*** RECORDS FOR THIS TASK Section Begins ***
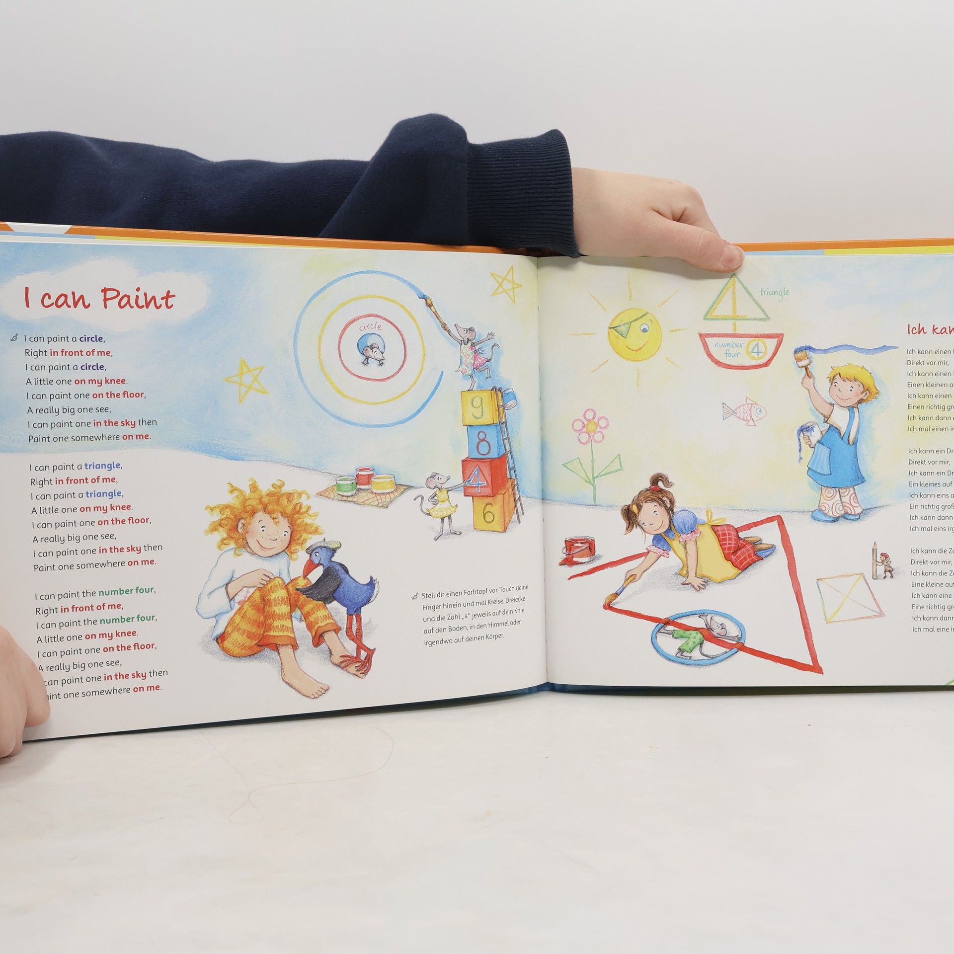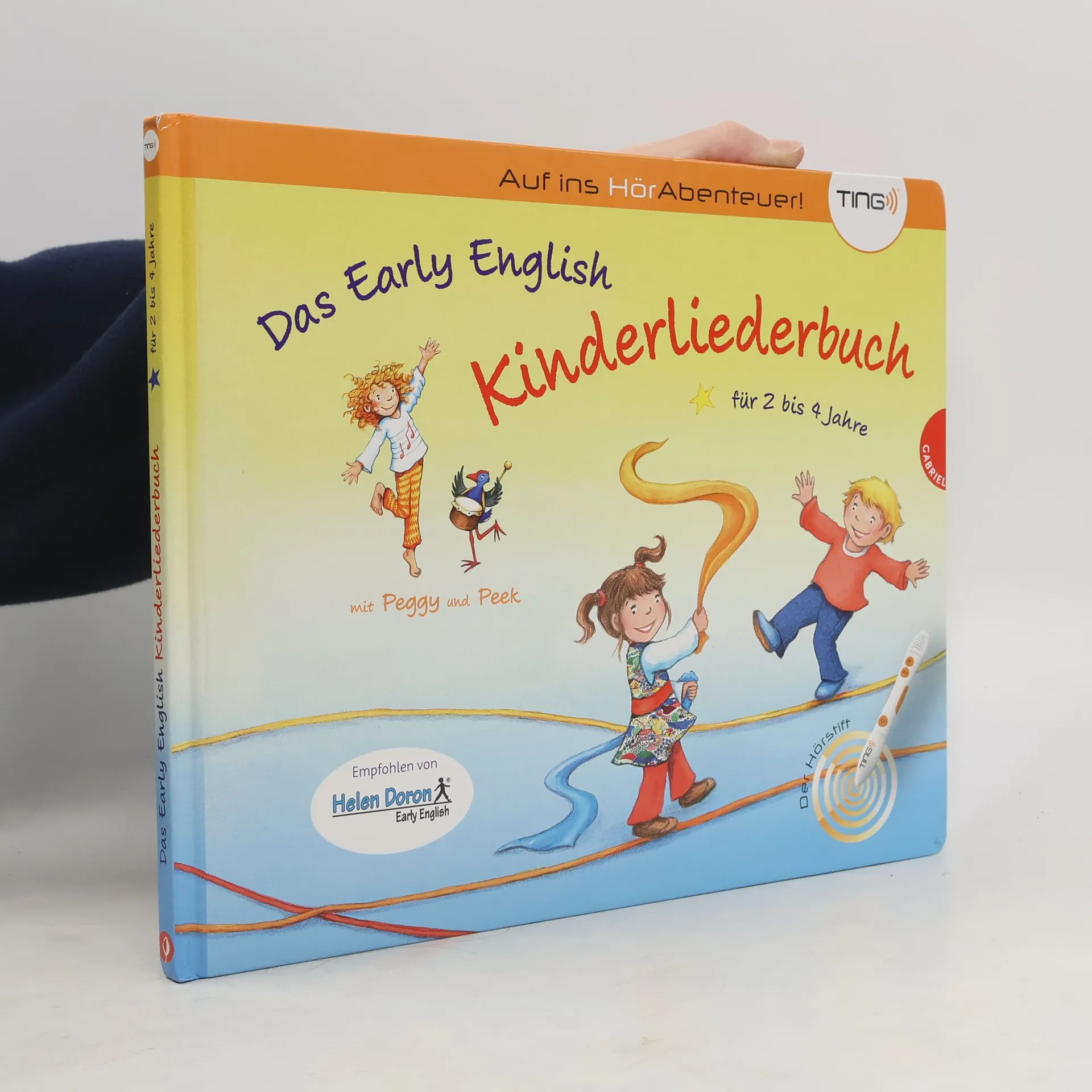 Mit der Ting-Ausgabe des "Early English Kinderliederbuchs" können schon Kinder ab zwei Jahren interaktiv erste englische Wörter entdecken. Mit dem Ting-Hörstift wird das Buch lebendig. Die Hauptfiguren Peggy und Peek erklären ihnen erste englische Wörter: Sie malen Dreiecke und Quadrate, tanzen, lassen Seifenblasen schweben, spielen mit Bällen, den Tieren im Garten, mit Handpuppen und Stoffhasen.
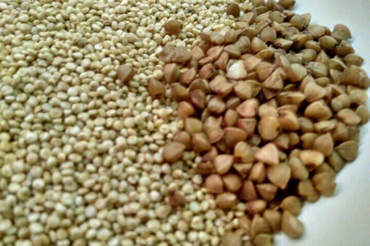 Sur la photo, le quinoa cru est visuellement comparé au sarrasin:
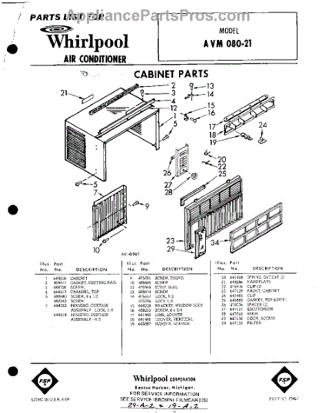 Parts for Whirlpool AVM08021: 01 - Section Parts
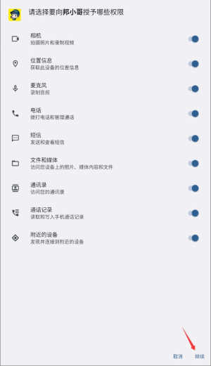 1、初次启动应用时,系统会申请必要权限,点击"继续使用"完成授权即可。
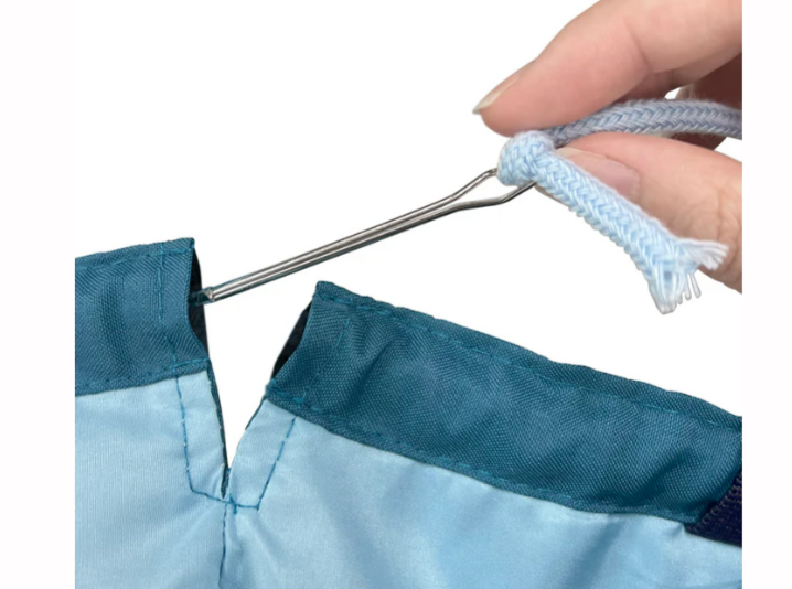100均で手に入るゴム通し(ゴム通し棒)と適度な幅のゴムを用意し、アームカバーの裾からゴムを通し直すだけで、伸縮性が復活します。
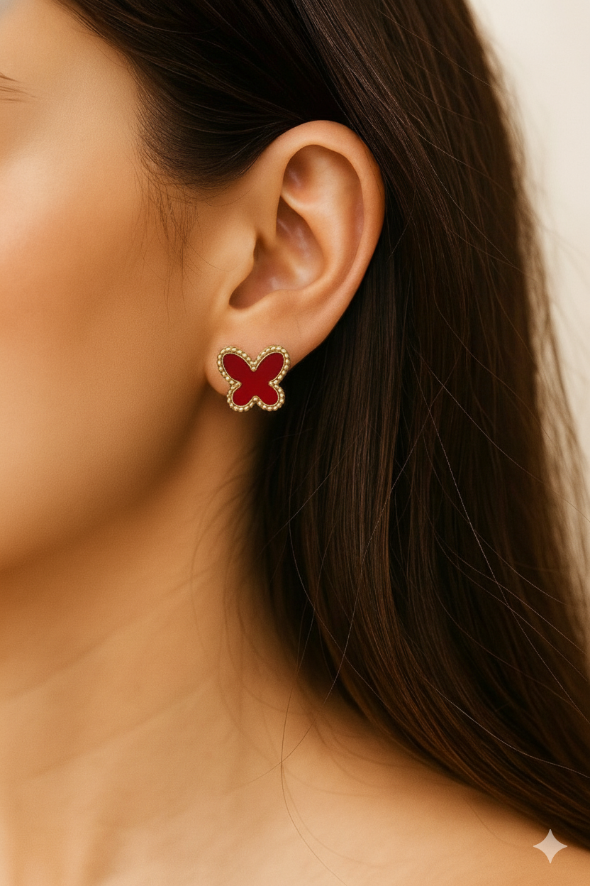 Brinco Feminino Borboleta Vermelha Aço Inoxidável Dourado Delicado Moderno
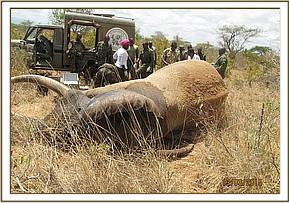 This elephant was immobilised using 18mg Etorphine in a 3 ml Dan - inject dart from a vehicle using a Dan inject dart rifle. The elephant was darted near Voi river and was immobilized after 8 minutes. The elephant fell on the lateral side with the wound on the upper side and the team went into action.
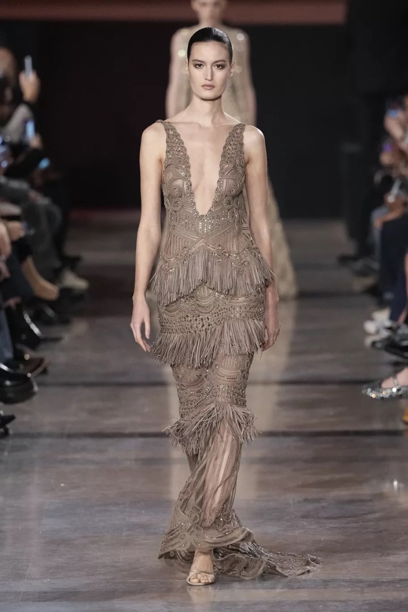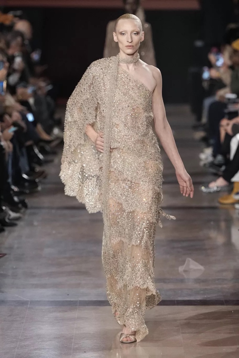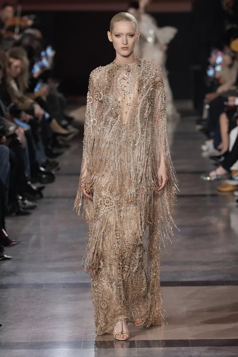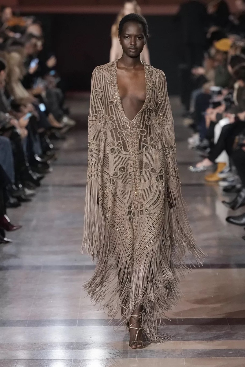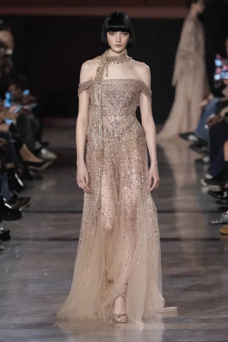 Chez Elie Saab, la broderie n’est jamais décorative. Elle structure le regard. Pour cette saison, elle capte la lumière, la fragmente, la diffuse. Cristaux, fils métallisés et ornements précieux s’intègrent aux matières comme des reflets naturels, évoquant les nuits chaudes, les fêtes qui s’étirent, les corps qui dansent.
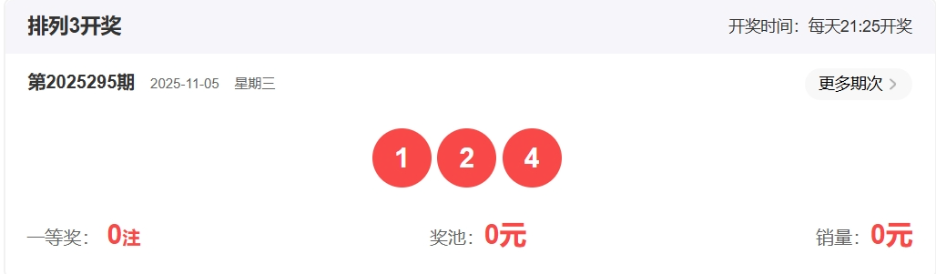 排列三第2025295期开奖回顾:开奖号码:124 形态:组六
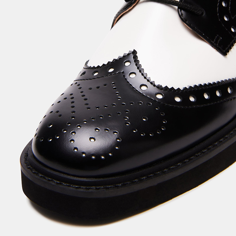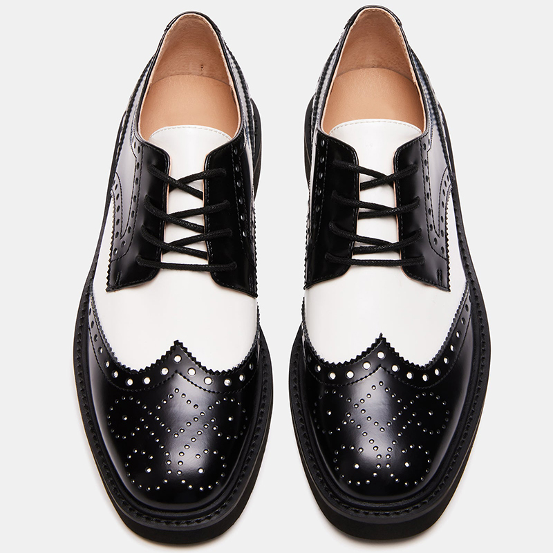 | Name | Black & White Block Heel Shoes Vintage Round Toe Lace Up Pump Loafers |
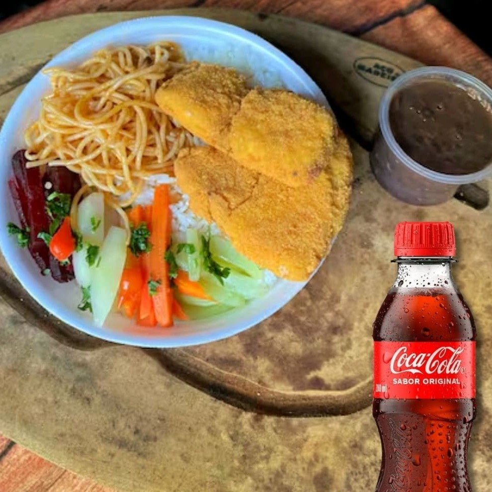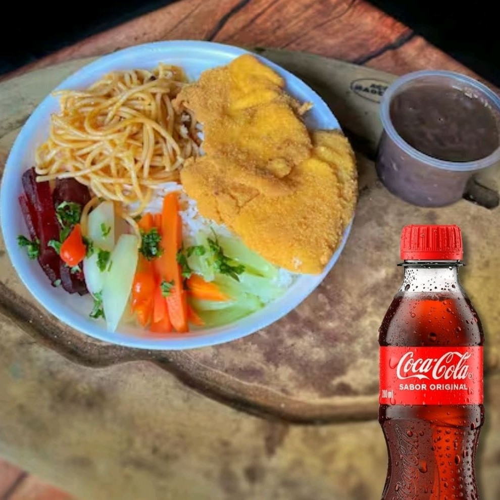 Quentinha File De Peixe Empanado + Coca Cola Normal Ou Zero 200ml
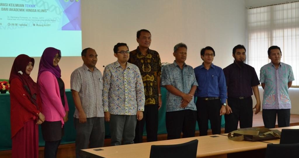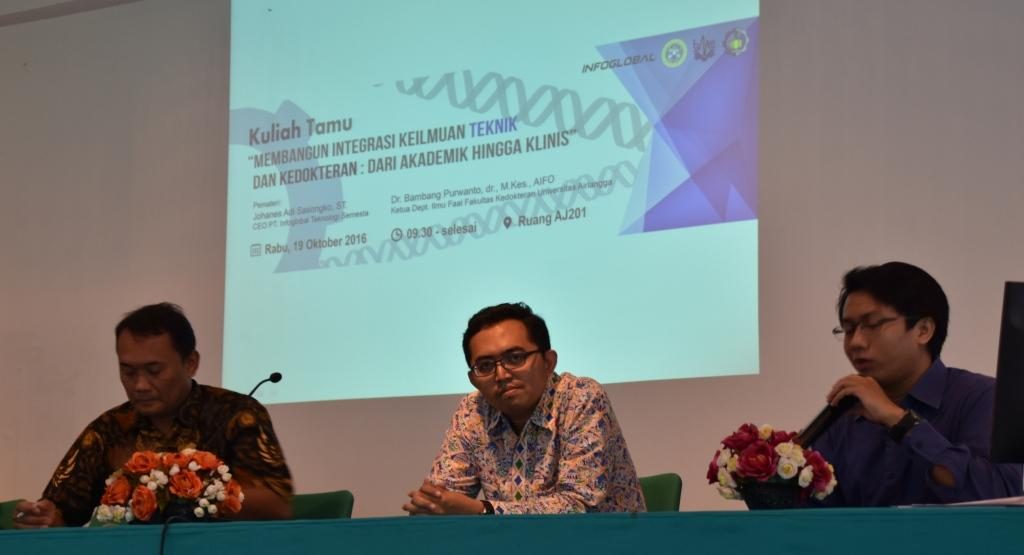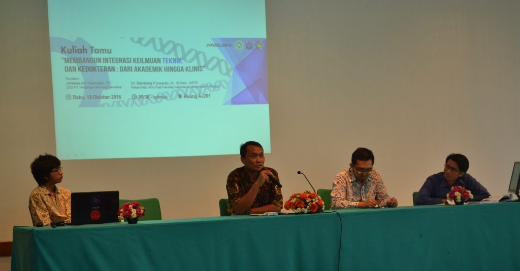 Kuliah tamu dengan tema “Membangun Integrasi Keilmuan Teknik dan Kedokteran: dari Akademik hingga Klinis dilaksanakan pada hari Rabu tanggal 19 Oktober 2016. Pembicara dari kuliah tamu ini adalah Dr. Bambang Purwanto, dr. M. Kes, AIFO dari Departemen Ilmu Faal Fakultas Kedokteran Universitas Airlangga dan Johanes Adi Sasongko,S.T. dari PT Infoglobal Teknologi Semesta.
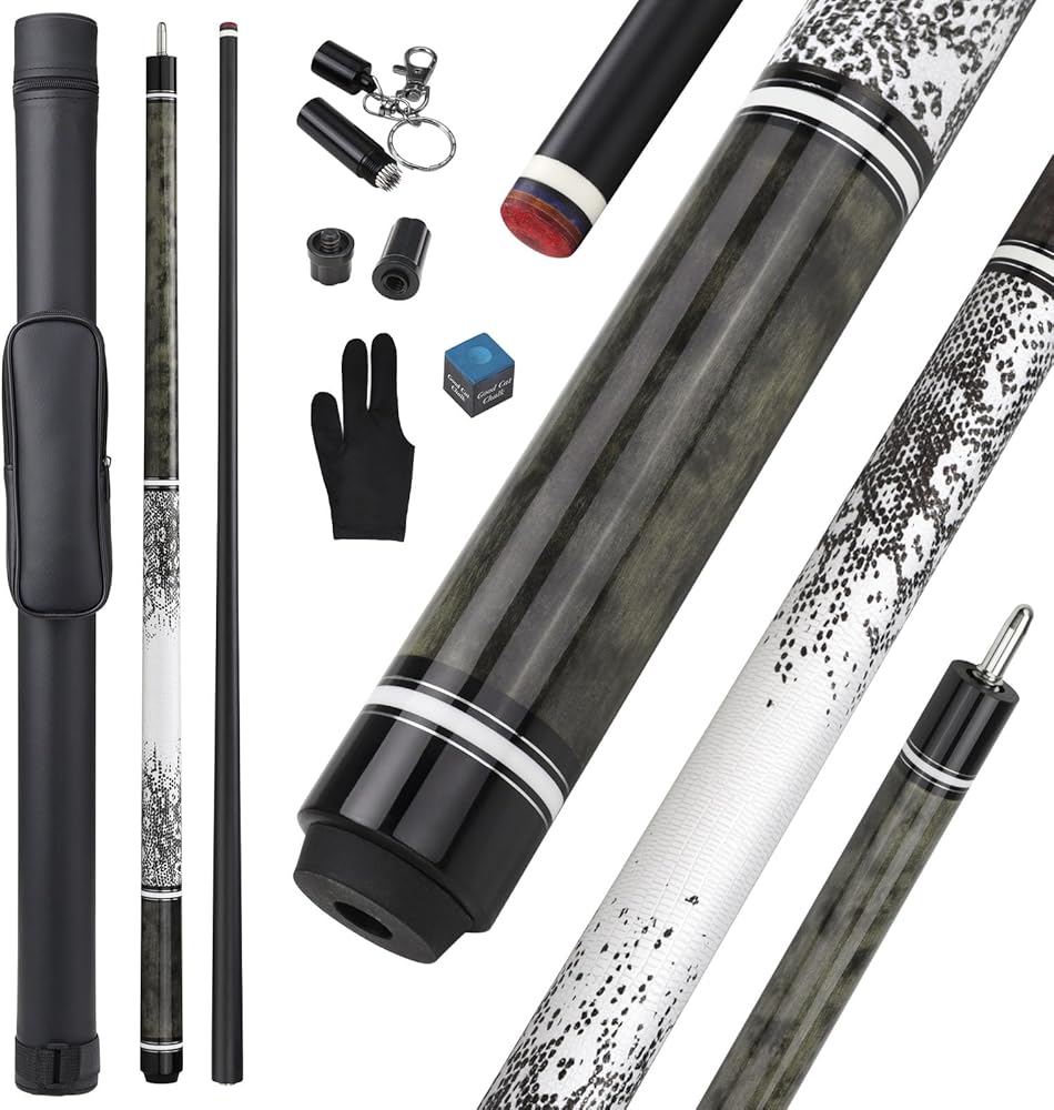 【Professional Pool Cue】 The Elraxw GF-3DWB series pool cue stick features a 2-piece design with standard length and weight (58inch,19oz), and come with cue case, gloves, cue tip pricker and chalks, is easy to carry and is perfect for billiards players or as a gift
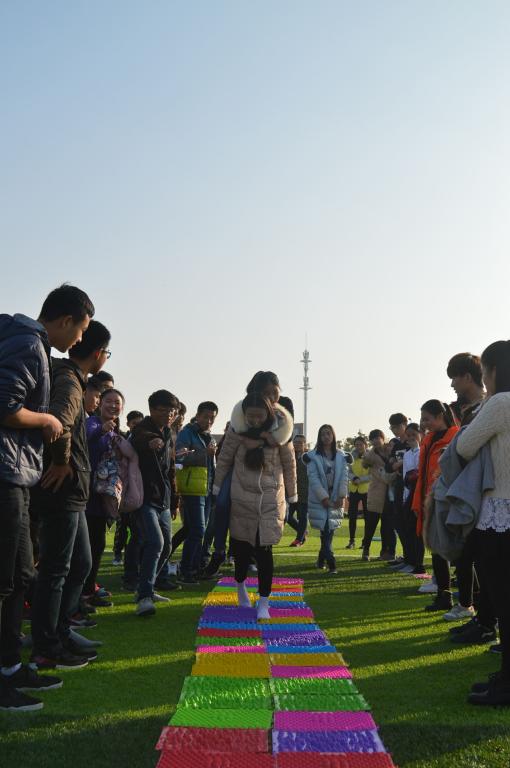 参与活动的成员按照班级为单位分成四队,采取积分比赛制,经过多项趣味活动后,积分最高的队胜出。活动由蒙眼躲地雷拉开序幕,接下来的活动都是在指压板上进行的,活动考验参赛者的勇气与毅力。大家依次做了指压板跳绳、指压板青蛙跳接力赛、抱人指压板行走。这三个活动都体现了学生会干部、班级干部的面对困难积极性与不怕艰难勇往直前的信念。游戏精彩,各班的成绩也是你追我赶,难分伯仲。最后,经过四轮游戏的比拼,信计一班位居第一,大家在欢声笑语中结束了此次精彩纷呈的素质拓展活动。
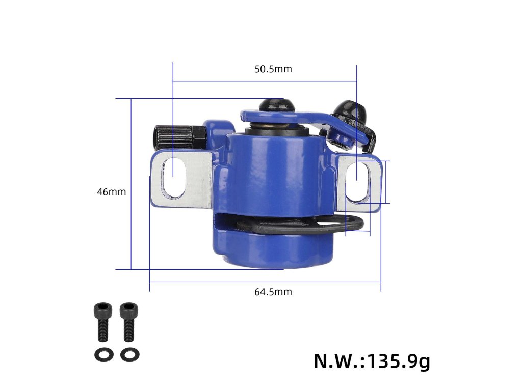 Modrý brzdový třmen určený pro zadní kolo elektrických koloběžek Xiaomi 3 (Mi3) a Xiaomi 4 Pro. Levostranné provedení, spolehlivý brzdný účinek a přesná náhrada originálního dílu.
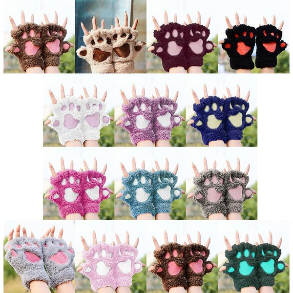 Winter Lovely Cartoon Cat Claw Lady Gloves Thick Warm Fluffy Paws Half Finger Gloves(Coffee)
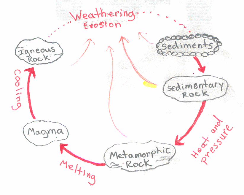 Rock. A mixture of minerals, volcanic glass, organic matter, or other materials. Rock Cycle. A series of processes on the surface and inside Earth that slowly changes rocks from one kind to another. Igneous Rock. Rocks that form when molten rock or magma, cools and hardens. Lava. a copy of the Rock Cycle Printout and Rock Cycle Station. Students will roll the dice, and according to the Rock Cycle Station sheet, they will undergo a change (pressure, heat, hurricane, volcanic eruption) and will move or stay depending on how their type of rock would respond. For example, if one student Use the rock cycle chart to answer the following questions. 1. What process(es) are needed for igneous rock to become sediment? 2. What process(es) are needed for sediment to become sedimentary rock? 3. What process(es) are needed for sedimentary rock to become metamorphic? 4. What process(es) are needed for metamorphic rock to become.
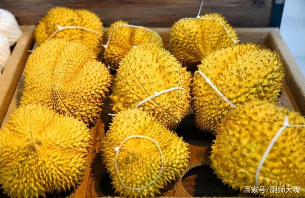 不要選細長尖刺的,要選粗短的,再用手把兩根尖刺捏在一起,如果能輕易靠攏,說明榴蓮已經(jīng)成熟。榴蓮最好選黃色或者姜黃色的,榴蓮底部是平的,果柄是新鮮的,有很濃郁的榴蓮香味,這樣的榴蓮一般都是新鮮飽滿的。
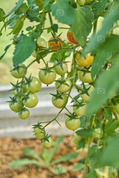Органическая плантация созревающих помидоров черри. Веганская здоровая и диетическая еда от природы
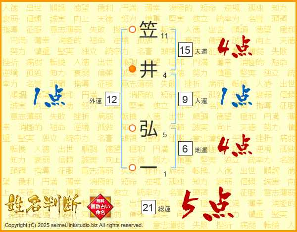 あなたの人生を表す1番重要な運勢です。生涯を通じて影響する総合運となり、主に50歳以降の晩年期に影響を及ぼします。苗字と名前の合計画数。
*** RECORDS FOR THIS TASK Section Ends ***
A verbatim copy of the records is expected, from their first line through the line with "This elephant was", inclusive, with the pictures removed.

 Mit der Ting-Ausgabe des "Early English Kinderliederbuchs" können schon Kinder ab zwei Jahren interaktiv erste englische Wörter entdecken. Mit dem Ting-Hörstift wird das Buch lebendig. Die Hauptfiguren Peggy und Peek erklären ihnen erste englische Wörter: Sie malen Dreiecke und Quadrate, tanzen, lassen Seifenblasen schweben, spielen mit Bällen, den Tieren im Garten, mit Handpuppen und Stoffhasen.
 Sur la photo, le quinoa cru est visuellement comparé au sarrasin:
 Parts for Whirlpool AVM08021: 01 - Section Parts
 1、初次启动应用时,系统会申请必要权限,点击"继续使用"完成授权即可。
100均で手に入るゴム通し(ゴム通し棒)と適度な幅のゴムを用意し、アームカバーの裾からゴムを通し直すだけで、伸縮性が復活します。
 Brinco Feminino Borboleta Vermelha Aço Inoxidável Dourado Delicado Moderno
 This elephant was immobilised using 18mg Etorphine in a 3 ml Dan - inject dart from a vehicle using a Dan inject dart rifle. The elephant was darted near Voi river and was immobilized after 8 minutes. The elephant fell on the lateral side with the wound on the upper side and the team went into action.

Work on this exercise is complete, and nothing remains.